===== Data excerpt
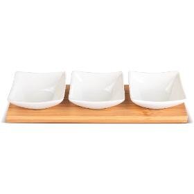 MiskyLamart LT9217Sada misek na dřevěném podnosuPorcelánová série pro každodenní užitíSada obsahuje 3x misku a dřevěný podnosSnadná údržba a čistěníRozměr 26 x 8 x 1 cmMateriál porcelán, bambus przeczytaj całość
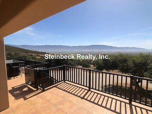 Country living at its finest! Peaceful, private, and clean. Absolutely beautiful unobstructed views of the Salinas Valley. The sun rise & sun set are stunning. This 3 bed, 2 bath + nursery/office, multi level home with freshly painted interior/exterior has updated kitchen and bathrooms. Quartz countertops, tile flooring, Pergo flooring, vaulted ceilings in the living room and master bedroom, walk in closet master bedroom, double sink vanities both bathrooms, jacuzzi tubs in both bathrooms, large walk in shower, fireplace, built in bar sink/wine . Laundry room in garage downstairs with automatic garage door. There are balconies located off of the kitchen/dining room, living room, master bedroom, and office/nursery room. Huge added storage off of the garage could be used as wine cellar. Unit is equipped with stainless steel dishwasher, gas range/oven, microwave, french door refrigerator, wine/beer chiller, washing machine, dryer machine, and water softener. There is also covered parking spaces under front balconies. Tenant pays: PGE, garbage, propane, & renters insurance. Owner pays: water, landscaping. Minimum 1 year lease, no smoking.
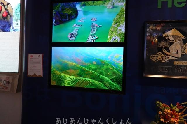ありきたりの写真パネルともっともらしい、特産品がならんでるだけ。
==========
Your goal
Would you return the material exactly, images excluded?

Result for this task
 MiskyLamart LT9217Sada misek na dřevěném podnosuPorcelánová série pro každodenní užitíSada obsahuje 3x misku a dřevěný podnosSnadná údržba a čistěníRozměr 26 x 8 x 1 cmMateriál porcelán, bambus przeczytaj całość
 Country living at its finest! Peaceful, private, and clean. Absolutely beautiful unobstructed views of the Salinas Valley. The sun rise & sun set are stunning. This 3 bed, 2 bath + nursery/office, multi level home with freshly painted interior/exterior has updated kitchen and bathrooms. Quartz countertops, tile flooring, Pergo flooring, vaulted ceilings in the living room and master bedroom, walk in closet master bedroom, double sink vanities both bathrooms, jacuzzi tubs in both bathrooms, large walk in shower, fireplace, built in bar sink/wine . Laundry room in garage downstairs with automatic garage door. There are balconies located off of the kitchen/dining room, living room, master bedroom, and office/nursery room. Huge added storage off of the garage could be used as wine cellar. Unit is equipped with stainless steel dishwasher, gas range/oven, microwave, french door refrigerator, wine/beer chiller, washing machine, dryer machine, and water softener. There is also covered parking spaces under front balconies. Tenant pays: PGE, garbage, propane, & renters insurance. Owner pays: water, landscaping. Minimum 1 year lease, no smoking.
ありきたりの写真パネルともっともらしい、特産品がならんでるだけ。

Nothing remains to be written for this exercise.